Where the lines below hold images, skip those and copy every word exactly.

— DATASET EXCERPT —
== == ==

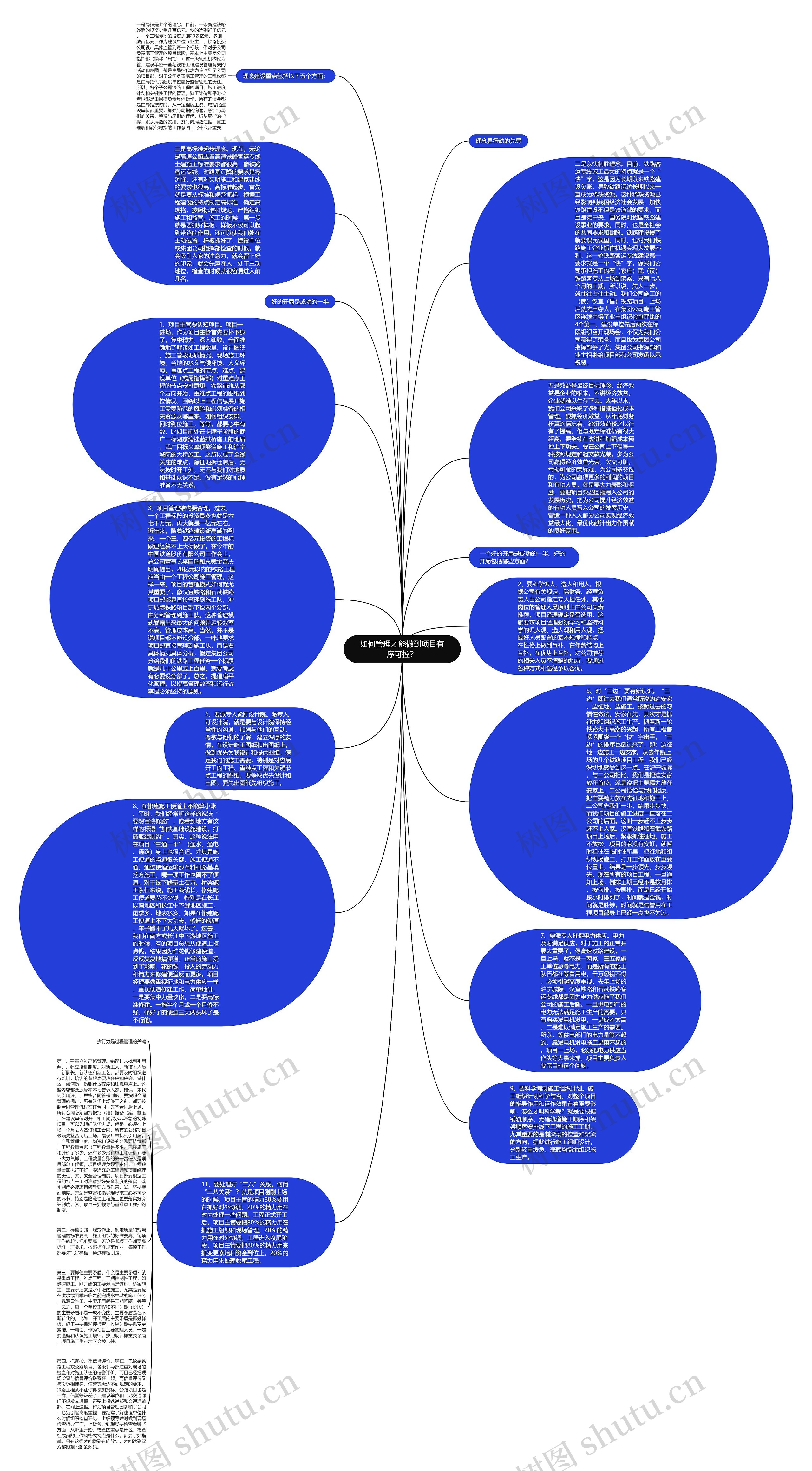 11、要处理好“二八”关系。何谓“二八关系”?就是项目刚刚上场的时候,项目主管的精力80%要用在抓好对外协调,20%的精力用在对内处理一些问题。工程正式开工后,项目主管要把80%的精力用在抓施工组织和现场管理,20%的精力用在对外协调。工程进入收尾阶段,项目主管要把80%的精力用来抓变更索赔和资金到位上,20%的精力用来处理收尾工程。
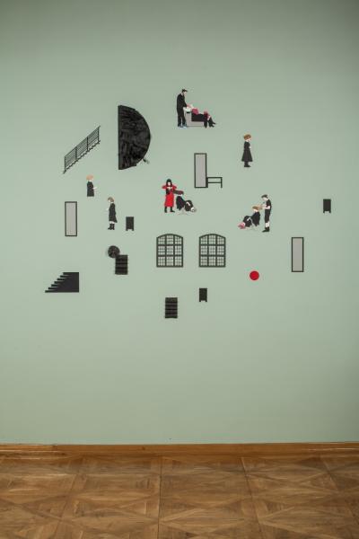 Jaga Hupało, Born to Create, 2016, papier kolorowy wycinany ręcznie, klej na ścianie galerii, 150 x 200 cm
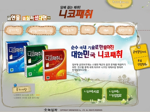 이번에 오픈한 녹십자 ‘니코패취’ 마이크로사이트(www.nicopatch.co.kr)는 공지사항, 금연을 해야 하는 이유, 제품소개, FAQ, Q&A, 관련사이트 소개 등으로 구성돼 있으며 올바른 ‘니코패취’ 사용법, 효과적인 금연법, 금단증상 완화 요법 등도 소개돼 있다.

== == ==

— ANSWER SPACE —
 11、要处理好“二八”关系。何谓“二八关系”?就是项目刚刚上场的时候,项目主管的精力80%要用在抓好对外协调,20%的精力用在对内处理一些问题。工程正式开工后,项目主管要把80%的精力用在抓施工组织和现场管理,20%的精力用在对外协调。工程进入收尾阶段,项目主管要把80%的精力用来抓变更索赔和资金到位上,20%的精力用来处理收尾工程。
 Jaga Hupało, Born to Create, 2016, papier kolorowy wycinany ręcznie, klej na ścianie galerii, 150 x 200 cm
 이번에 오픈한 녹십자 ‘니코패취’ 마이크로사이트(www.nicopatch.co.kr)는 공지사항, 금연을 해야 하는 이유, 제품소개, FAQ, Q&A, 관련사이트 소개 등으로 구성돼 있으며 올바른 ‘니코패취’ 사용법, 효과적인 금연법, 금단증상 완화 요법 등도 소개돼 있다.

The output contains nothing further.